• Dataset section:
========

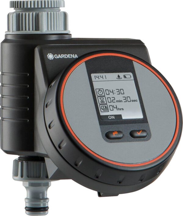 Mit der GARDENA Bewässerungssteuerung Flex lässt sich die Bewässerung auf Balkonen, Dachterrassen oder Terrassen flexibel und einfach automatisch steuern. Die Steuerung ist batteriebetrieben, wird direkt an den Wasserhahn angeschlossen und lässt sich leicht über ein innovatives, außenliegendes Drehelement zur Auswahl der Daten und eine Bestätigungstaste bedienen. Ein gut lesbares LC-Display zeigt alle Einstellungen auf einen Blick an. Die wetterbeständige Bedieneinheit ist abnehmbar. Bei der Bewässerungssteuerung Flex sind im Sekundentakt einstellbare Bewässerungszeiträume möglich, so dass sie ideal für die Verwendung mit einer Tropfbewässerung geeignet ist. Der Einsatz in Kombination mit einem GARDENA Bodenfeuchtesensor ist möglich.
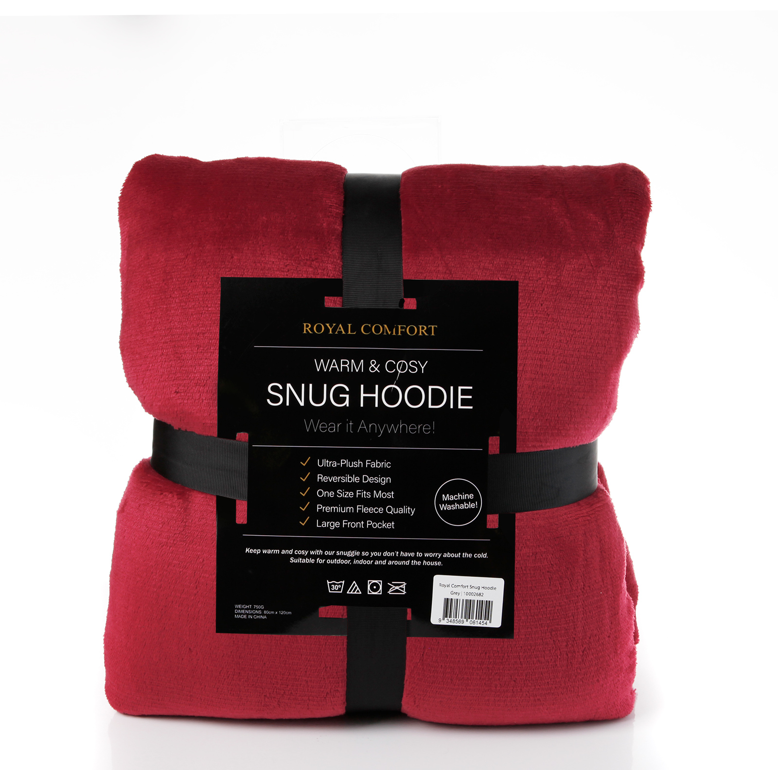 Royal Comfort Snug Hoodie Nightwear Super Soft Reversible Coral Fleece 750GSM – Red
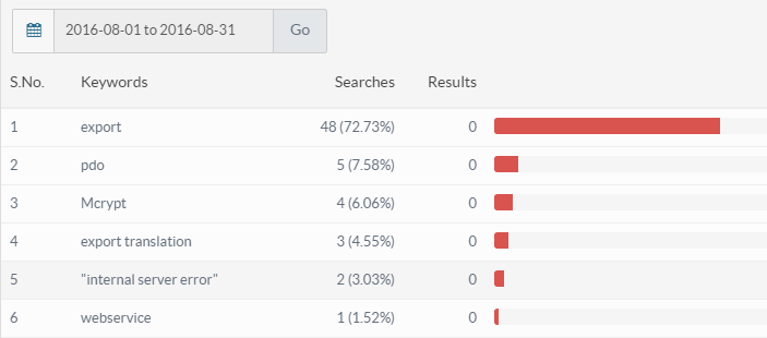 - You can select a date range from the date drop-down available above the table to view failed searches of a specified time.

========

• Exercise: Exact repetition is the task: every line from the start of the data to the line with "Royal Comfort Snug", inclusive, and none after it, pictures omitted.

• Answer to this exercise:
 Mit der GARDENA Bewässerungssteuerung Flex lässt sich die Bewässerung auf Balkonen, Dachterrassen oder Terrassen flexibel und einfach automatisch steuern. Die Steuerung ist batteriebetrieben, wird direkt an den Wasserhahn angeschlossen und lässt sich leicht über ein innovatives, außenliegendes Drehelement zur Auswahl der Daten und eine Bestätigungstaste bedienen. Ein gut lesbares LC-Display zeigt alle Einstellungen auf einen Blick an. Die wetterbeständige Bedieneinheit ist abnehmbar. Bei der Bewässerungssteuerung Flex sind im Sekundentakt einstellbare Bewässerungszeiträume möglich, so dass sie ideal für die Verwendung mit einer Tropfbewässerung geeignet ist. Der Einsatz in Kombination mit einem GARDENA Bodenfeuchtesensor ist möglich.
 Royal Comfort Snug Hoodie Nightwear Super Soft Reversible Coral Fleece 750GSM – Red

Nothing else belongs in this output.